Plate IISuperintelligence Trajectory機器翻譯 · machine-translated過時翻譯 · stale translationENHOWARDISM

研究品味是人類的瓶頸

PublishedJune 7, 2026FiledConceptDomainSuperintelligence TrajectoryTagsGovernanceHuman AI CollaborationResearchRole EvolutionAnthropicReading12 minSourceAI-synthesised

當 AI 吸收執行工作後，人類角色逐漸收縮：選擇哪些問題重要、相信哪些結果，以及判斷何時某種方法已走入死胡同；這是自主性階梯的最高一階，也留下了一個開放問題：品味是否只是 AI 暫時做不好的『另一種能力』，之後終將掌握它

資料來源#

摘要#

當 AI 吸收了 AI 開發的執行工作（AI Accelerating AI Development），人類角色便收縮到一種殘餘能力；文章 When AI builds itself 稱之為研究品味與判斷力：「選擇哪些問題重要、相信哪些結果，以及判斷何時某種方法已走入死胡同。」這是自主性階梯的最高一階，也是唯一一項若持續由人類掌握，就能阻止遞迴自我改進閉合循環的能力。它是否會持續由人類掌握，正是文章承重般的不確定性。

逐漸收窄的角色#

文章對這種動態最清楚的描述是：「在人類開發 AI 的每個步驟中，人類角色都在收窄。」其中有兩個具體的收窄方向：

撰寫 → 審查。「一旦人類與 AI 撰寫的程式碼品質達到同等水準，人類將完全停止撰寫程式碼，轉而只做審查。」（據報這種同等水準大約現在已經達成；見 AI Accelerating AI Development。）這是從人類一側描述的 harness-shrinkage 故事。
執行 → 選擇實驗。「一旦 Claude 能夠執行實驗，問題就會轉向：『這些實驗中，哪些值得執行？』」做事——撰寫程式碼、執行實驗、產生結果——「現在幾乎不再耗費人類時間，即使它仍然需要計算資源成本。」

人類「目前」剩下的比較優勢是品味：決定哪些事情值得投入計算資源。用 Compute Allocator 的術語來說，人類不再是單次呼叫層級的計算資源分配者，而是整個研究計畫層級的計算資源分配者。

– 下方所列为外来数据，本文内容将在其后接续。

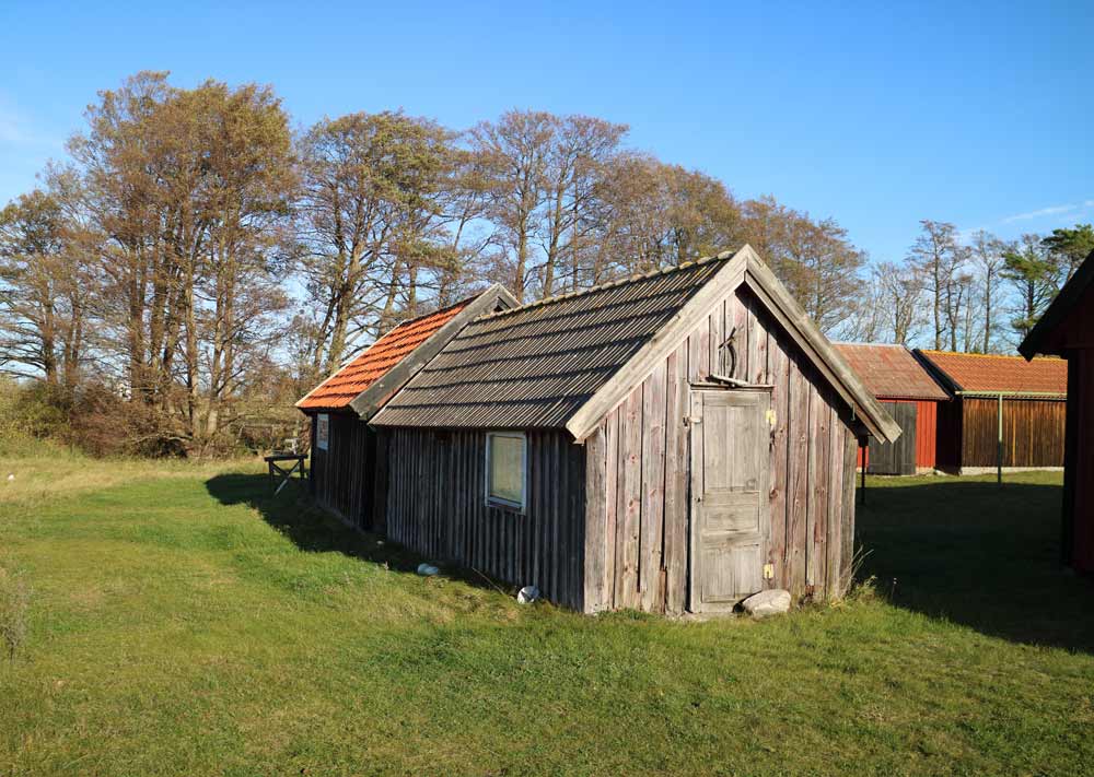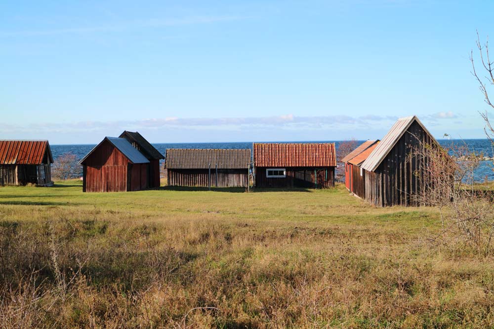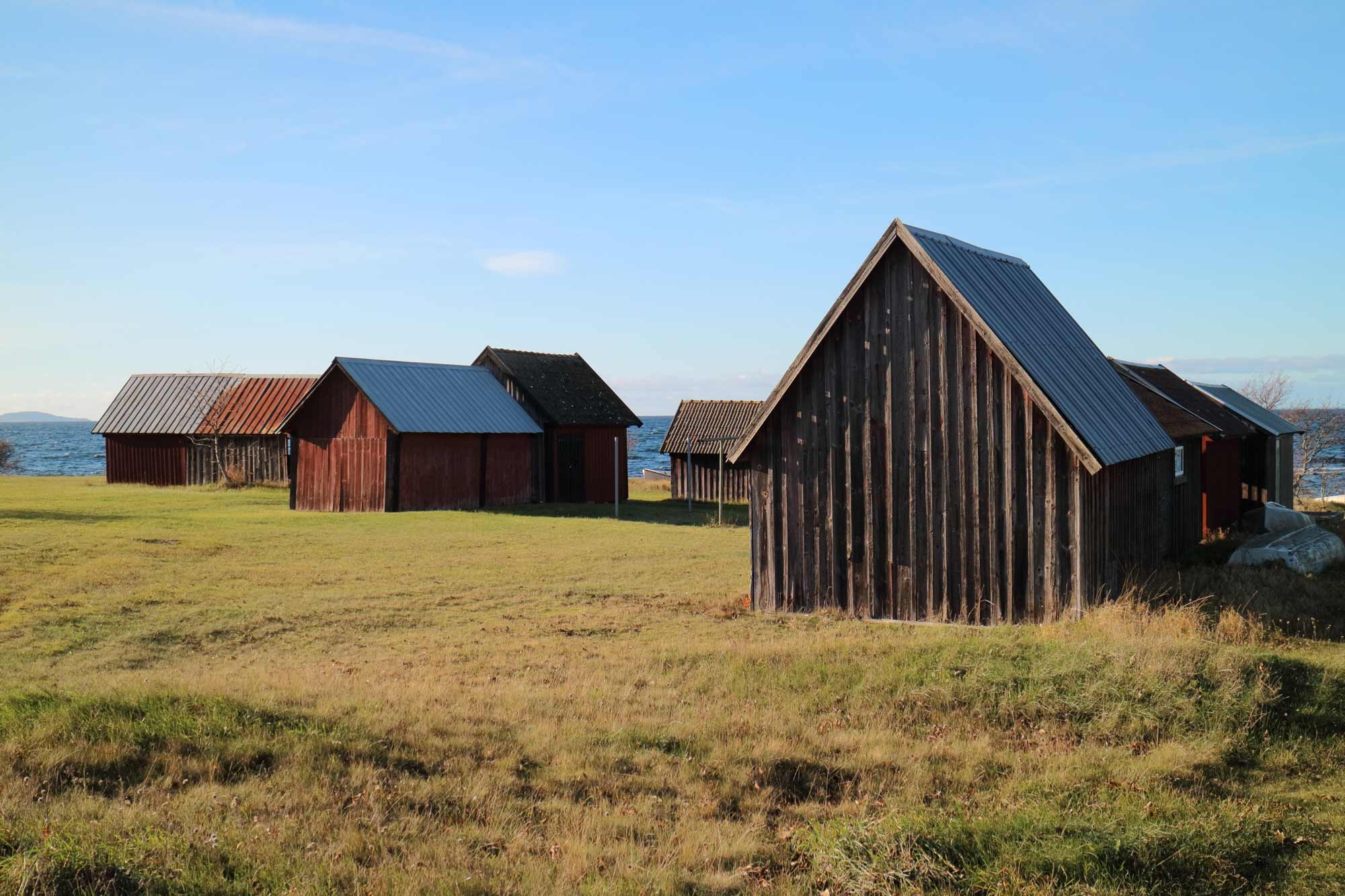 Sjöbodar i trä strax söder om Tokenäs udde.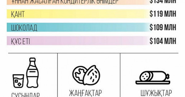 – Импорттық азық-түлік өнімдерінің негізгі жеткізушісі – Ресей. Ол жақтан шетелдік азық-түлік өнімдерінің жартысы импортталады. Басқа импорттаушы елдердің ішінде Өзбекстанның үлесі – 7,4%, Беларусь пен Қытайдың үлесі 5% және 4,9% аралығында, – дейді М.Алмағамбетова.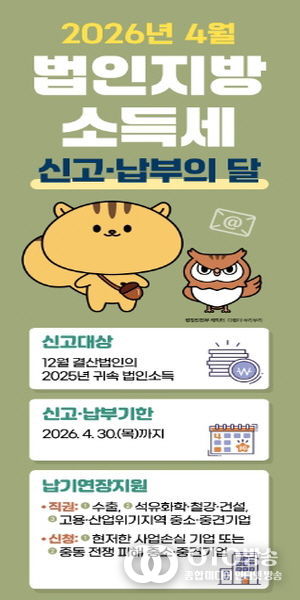 oto방송 김민석 기자 | 안성시는 12월 결산법인의 2025년 귀속 법인소득에 대한 ‘법인지방소득세 집중신고기간’을 4월 1일(수)부터 4월 30일(목)까지 운영한다고 밝혔다.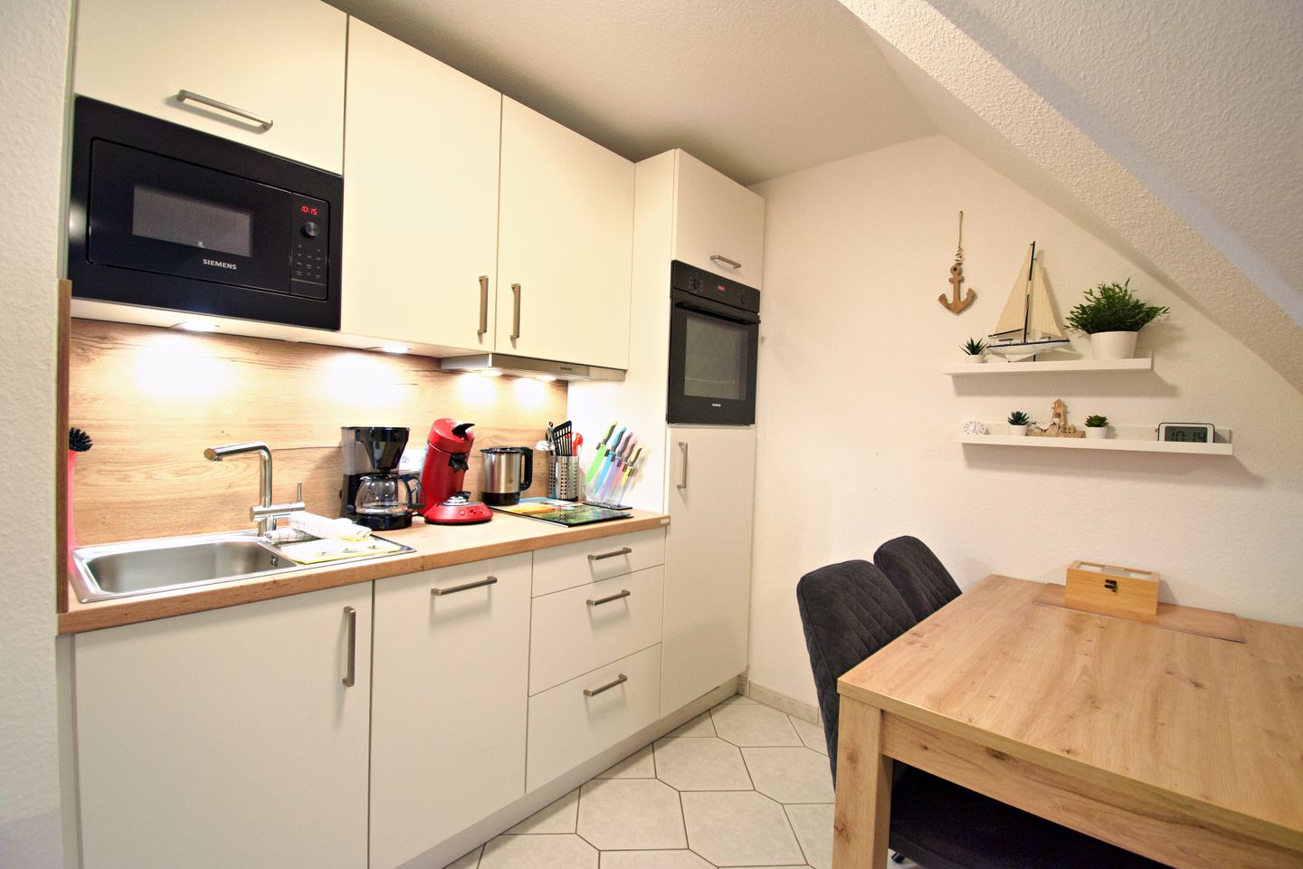 Die nagelneue Küche von Nolte (Einbau 2025) bietet Ihnen höchsten Komfort und moderne Markenqualität. Zur Ausstattung gehören ein hochwertiges 2-Platten-Ceran-Kochfeld, eine Siemens-Mikrowelle, ein Siemens-Herd, ein Siemens-Kühlschrank mit Gefrierfach sowie eine Siemens-Spülmaschine. Zusätzlich stehen eine Senseo-Kaffeemaschine, eine klassische Kaffeemaschine, Toaster, Wasserkocher und Eierkocher bereit – perfekt für die Zubereitung Ihrer Urlaubsmahlzeiten in bester Ausstattung.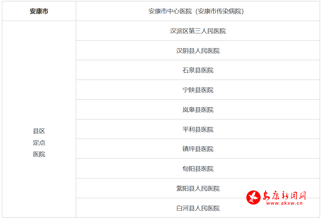 附:安康市新型冠狀病毒感染的肺炎定點(diǎn)醫(yī)院名單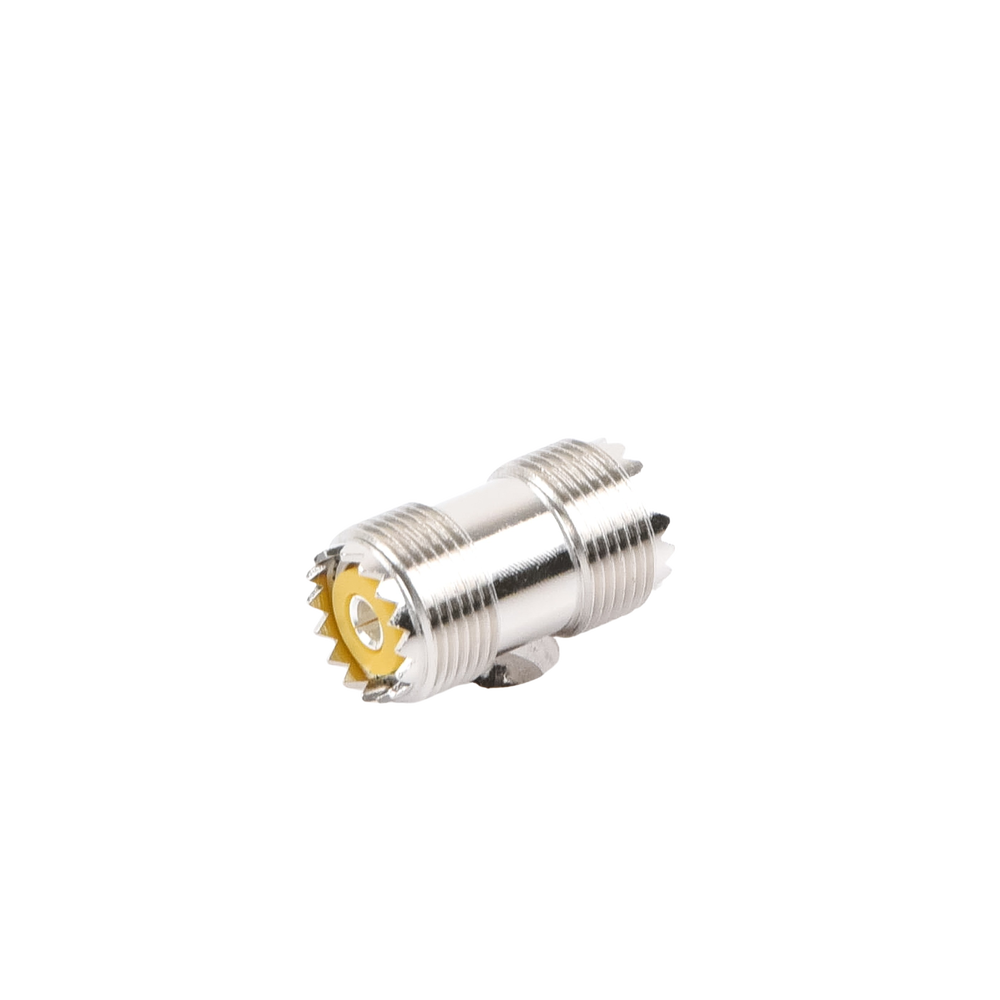 Adaptador Barril en Línea, de Conector UHF Hembra (SO-239) a UHF Hembra (SO-239), Niquel/ Plata/ Dap.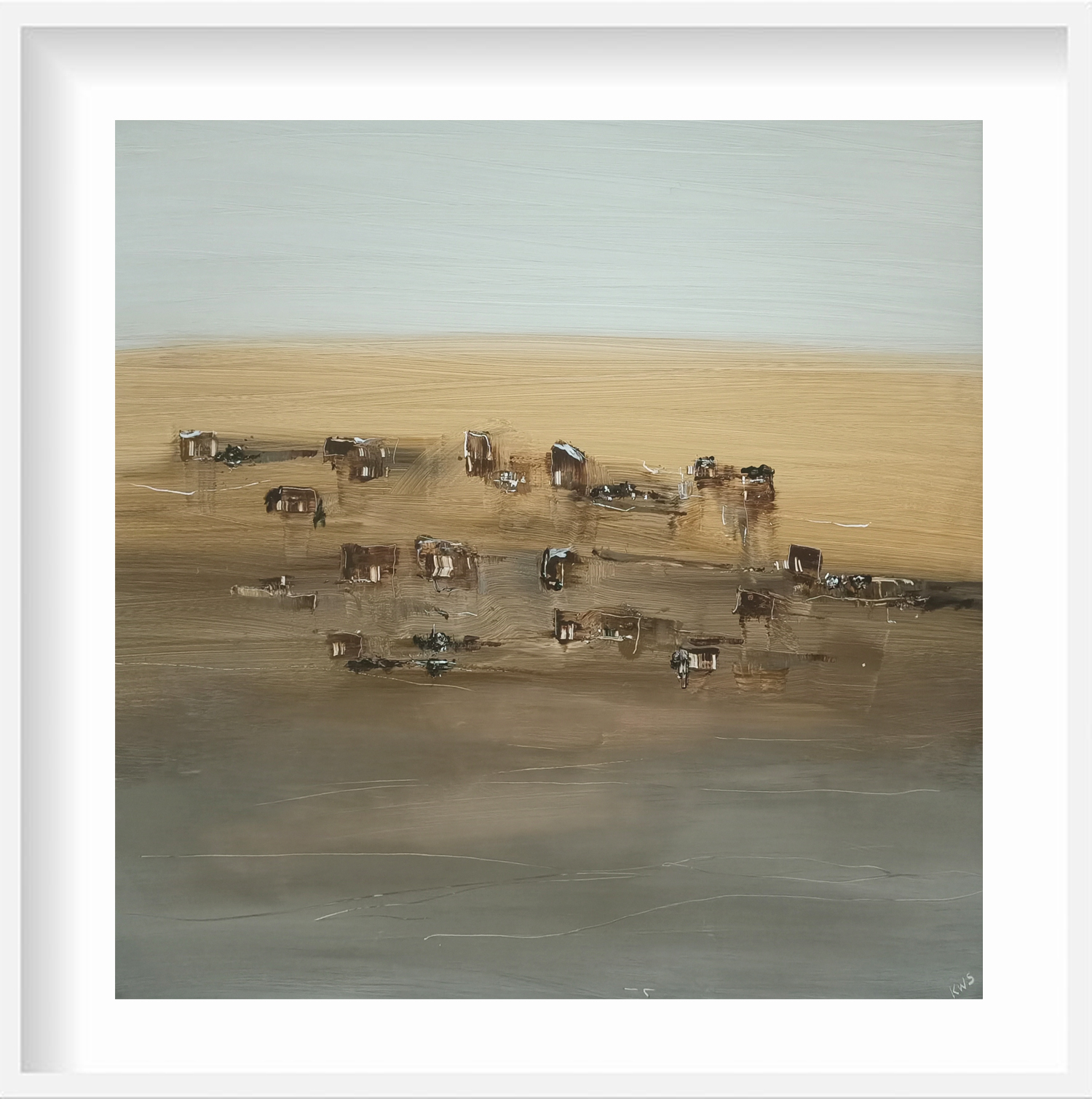 Semi Abstract Landscape.Inspired by Australia’s mining pioneers who lived a very harsh life in pursuit of fame and fortune. This semi abstract painting depicts an old abandoned mining camp in outback Australia.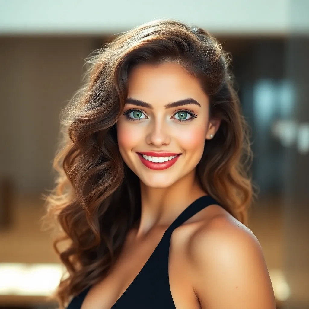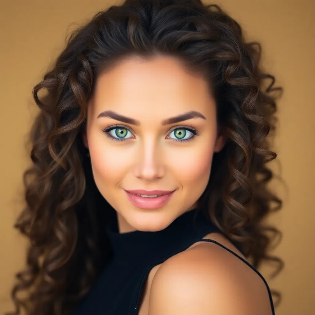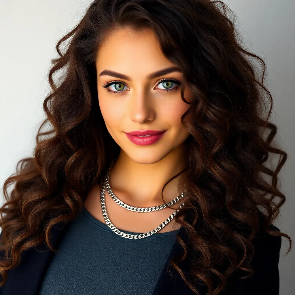 Create a stunning headshot of a confident and charismatic model. Imagine a 25-year-old woman with long, curly brown hair and bright green eyes. She's wearing a sleek black dress with a subtle sparkle and a statement silver necklace. Capture her radiant smile and captivating gaze in a sleek, modern setting.

為何它可能不會一直由人類掌握——「只是另一種能力」#

文章拒絕把研究品味視為人類永久的護城河。有兩個論點對此提出挑戰：

**苦工可以自動化，而且那是大部分工作。**天才是「1% 靈感加上 99% 汗水」；那 99%——擴大規模、看看什麼會壞掉、修正、重試——正是 Claude 擅長的事。大規模研究進展「主要是工具與資源的函數」。（見 The Bitter Lesson、Recursive Self-Improvement。）
**品味呈現出與其他一切相同的能力曲線。**研究判斷力正在改善的早期證據——在困難的繞路時刻，Claude 選對下一步的比例從 51% 提升至 64%（AI Accelerating AI Development）——顯示「研究品味可能只是另一種 AI 能力，AI 系統會暫時做不好，然後逐漸變得擅長。」先例是：AI 過去不擅長、後來卻能解釋笑話為何好笑、展現心智理論，以及解決語言謎題——這些定性技能原本都被認為是人類特有的。這是 Jagged Intelligence (Ghosts, Not Animals) 的樂觀面：今天的低谷，可能是明天的高峰。

一位前沿研究者從實務角度閱讀後，站在「只是另一種能力」這一邊。Noam Brown（OpenAI，practitioner-opinion）表示，模型能將他撲克研究中的演算法最佳化到 10–100 倍，但目前無法發明更好的演算法——「我可以給它很多時間，但它仍然做不到」——因此今天的模型「是研究者非常好的補充」，「還無法完全取代整個研究循環」。但他明確預期這種情況會改變：「如果某個時刻——寫程式如此，數學也如此——突然出現一個轉折點，模型真的已經夠好了……我不會對研究品味也遇到那個轉折點感到意外。」這是鋸齒狀低谷論點，由一個在實驗室內部觀察低谷的人說出來。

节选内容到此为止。